**Activity:**
Could the data below be printed out exactly, with the pictures left out?

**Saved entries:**
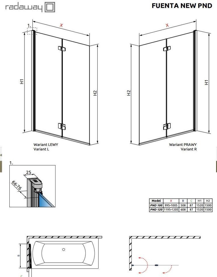 Fuenta New PND это двустворчатая стеклянная шторка для ванны. Шторка складывается по середине внутрь ванны, стекло ближе стены поворачивается внутрь и наружу ванны.
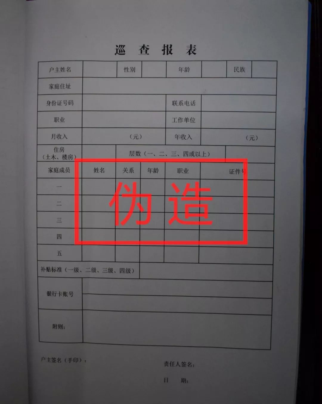 2名“扶贫干部”有模有样的在老周家里和老周拉起了家常,之后拿出一张巡查报表让老周填写(同样是在打印店里弄的)
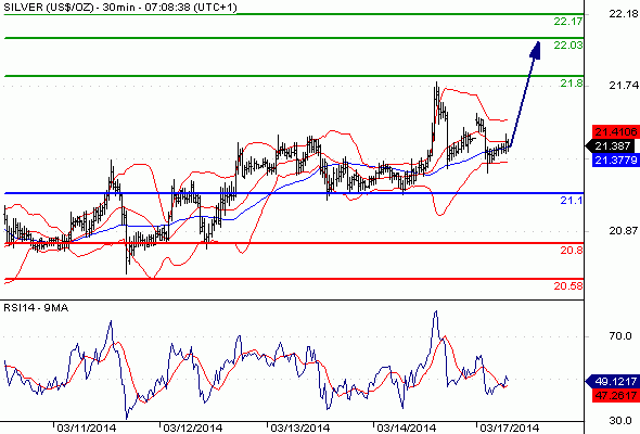 Our preference: Long positions above 21.1 with targets @ 21.8 & 22.03 in extension.
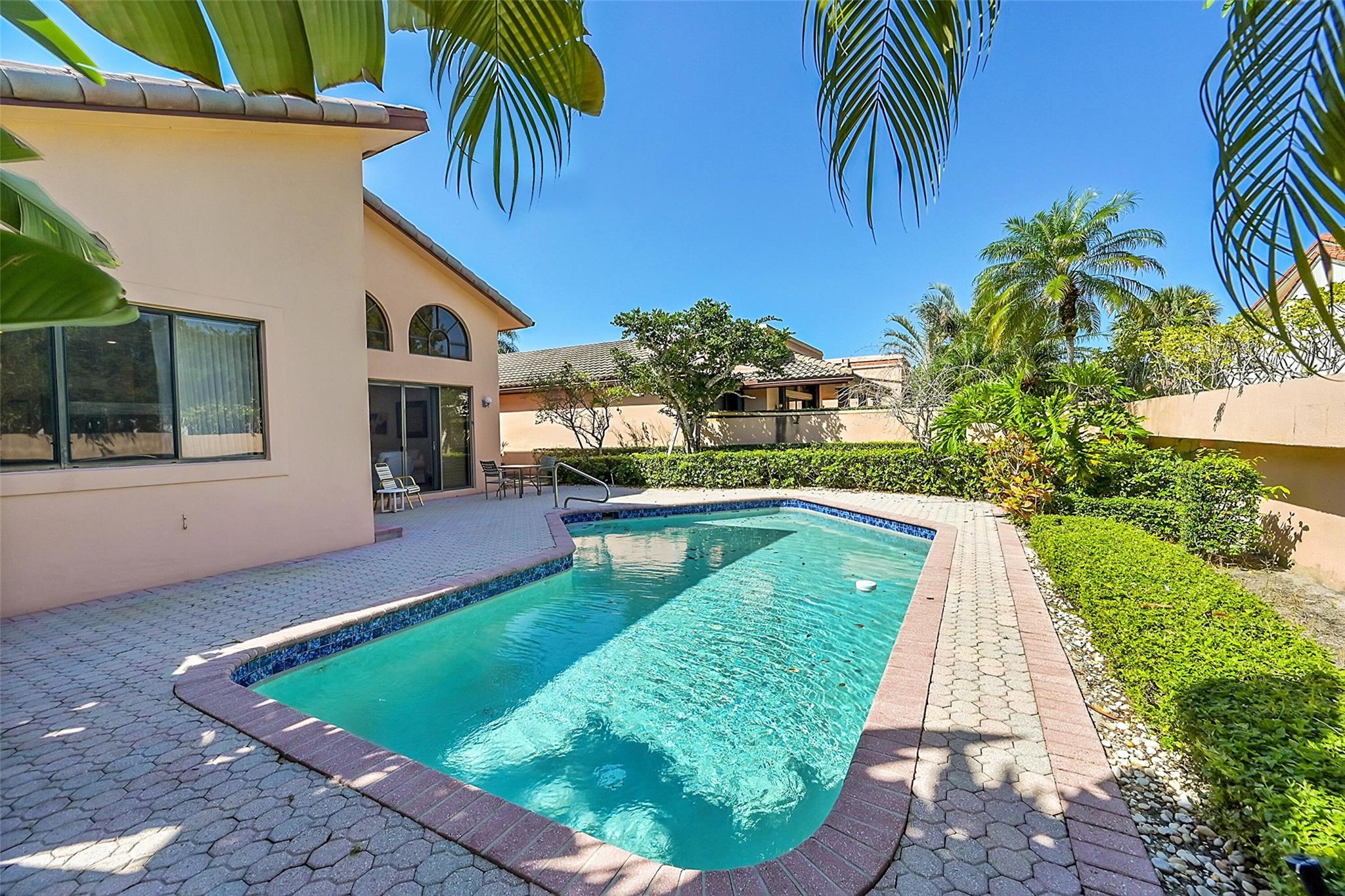One of the larger models in the gated community of Boca Pointe. Just under 3000 square feet under air with a private pool and a two car garage. Large primary suite on the first floor with his and her closets. Kitchen open to family room, sunken living room, formal dining room and multiple sets of doors all leading to the relaxing pool, patio and tropical backyard. 2 bedrooms, loft area and large jack and jill bathroom upstairs. Optional country club living with different types of memberships available. Sports complex featuring 15 tennis courts, 4 new pickleball courts, weight training and cardiovascular equipment, and exercise classes. 2 a/c units both 2021, barrel tile roof 1991 and flat roof 2022. Centrally located near shopping, restaurants and major highways.
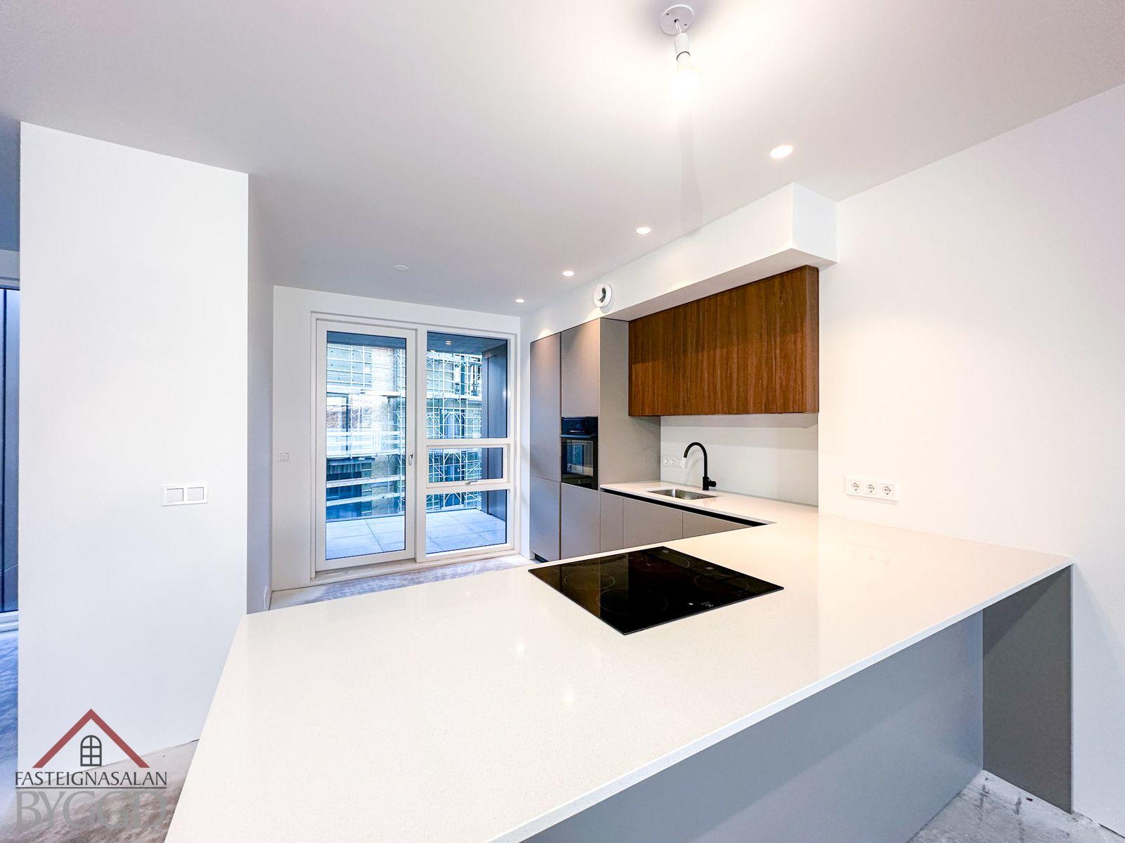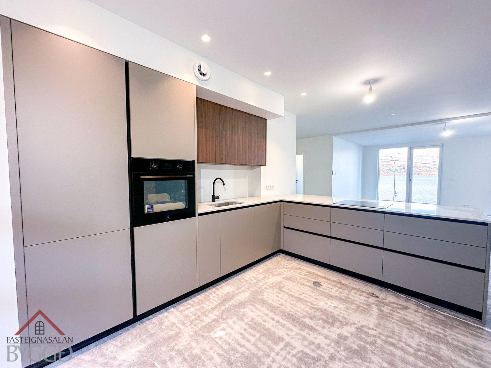 Opið eldhús, með eyju, kvarts steinn á borðplötu og span helluborð. Skúffur og skápar í eldhúsinu eru allar með ljúflokum. Eldhúsinnrétting með kvarts stein, bakaraofn í vinnuhæð, innfelldur vaskur. Allar skúffur og skápar með ljúflokum. Innfelld lýsing frá Lumex. Útgengt út á 7fm. vestur-svalir úr eldhúsi.
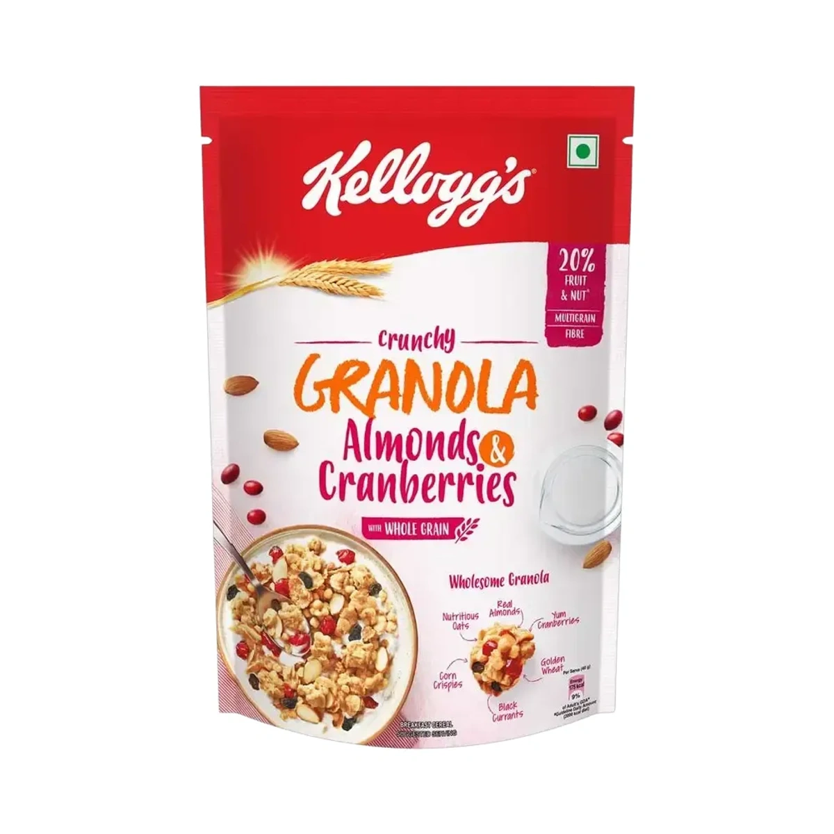 Experience the perfect crunch of oven-baked multigrains in every bite. Loaded with the goodness of oats, wheat, and real almonds, this wholesome breakfast delights your palate. Kellogg's Crunchy Granola offers an irresistible texture and rich taste, making your morning bowl truly satisfying.
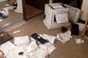 Encapuchados, los normalistas lanzaron bombas molotov contra la entrada principal del edificio, rompieron ventanas y sustrajeron documentos que después fueron quemados en el estacionamiento de la sede.
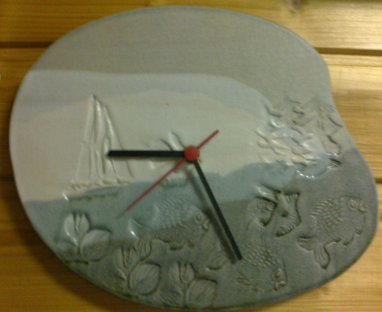 Tämä ihana arki: seinäkello NOIN aikaa 4.11.2011 klo 16:01 tämä ihana keraaminen purjehdus / kala-aiheinen kello.Tästä näkee ajan noin suuntaa antavasti,mutta silti pysyn aivan tarkassa ajassa.

**Solution:**
 Fuenta New PND это двустворчатая стеклянная шторка для ванны. Шторка складывается по середине внутрь ванны, стекло ближе стены поворачивается внутрь и наружу ванны.
 2名“扶贫干部”有模有样的在老周家里和老周拉起了家常,之后拿出一张巡查报表让老周填写(同样是在打印店里弄的)
 Our preference: Long positions above 21.1 with targets @ 21.8 & 22.03 in extension.
One of the larger models in the gated community of Boca Pointe. Just under 3000 square feet under air with a private pool and a two car garage. Large primary suite on the first floor with his and her closets. Kitchen open to family room, sunken living room, formal dining room and multiple sets of doors all leading to the relaxing pool, patio and tropical backyard. 2 bedrooms, loft area and large jack and jill bathroom upstairs. Optional country club living with different types of memberships available. Sports complex featuring 15 tennis courts, 4 new pickleball courts, weight training and cardiovascular equipment, and exercise classes. 2 a/c units both 2021, barrel tile roof 1991 and flat roof 2022. Centrally located near shopping, restaurants and major highways.
 Opið eldhús, með eyju, kvarts steinn á borðplötu og span helluborð. Skúffur og skápar í eldhúsinu eru allar með ljúflokum. Eldhúsinnrétting með kvarts stein, bakaraofn í vinnuhæð, innfelldur vaskur. Allar skúffur og skápar með ljúflokum. Innfelld lýsing frá Lumex. Útgengt út á 7fm. vestur-svalir úr eldhúsi.
 Experience the perfect crunch of oven-baked multigrains in every bite. Loaded with the goodness of oats, wheat, and real almonds, this wholesome breakfast delights your palate. Kellogg's Crunchy Granola offers an irresistible texture and rich taste, making your morning bowl truly satisfying.
 Encapuchados, los normalistas lanzaron bombas molotov contra la entrada principal del edificio, rompieron ventanas y sustrajeron documentos que después fueron quemados en el estacionamiento de la sede.
 Tämä ihana arki: seinäkello NOIN aikaa 4.11.2011 klo 16:01 tämä ihana keraaminen purjehdus / kala-aiheinen kello.Tästä näkee ajan noin suuntaa antavasti,mutta silti pysyn aivan tarkassa ajassa.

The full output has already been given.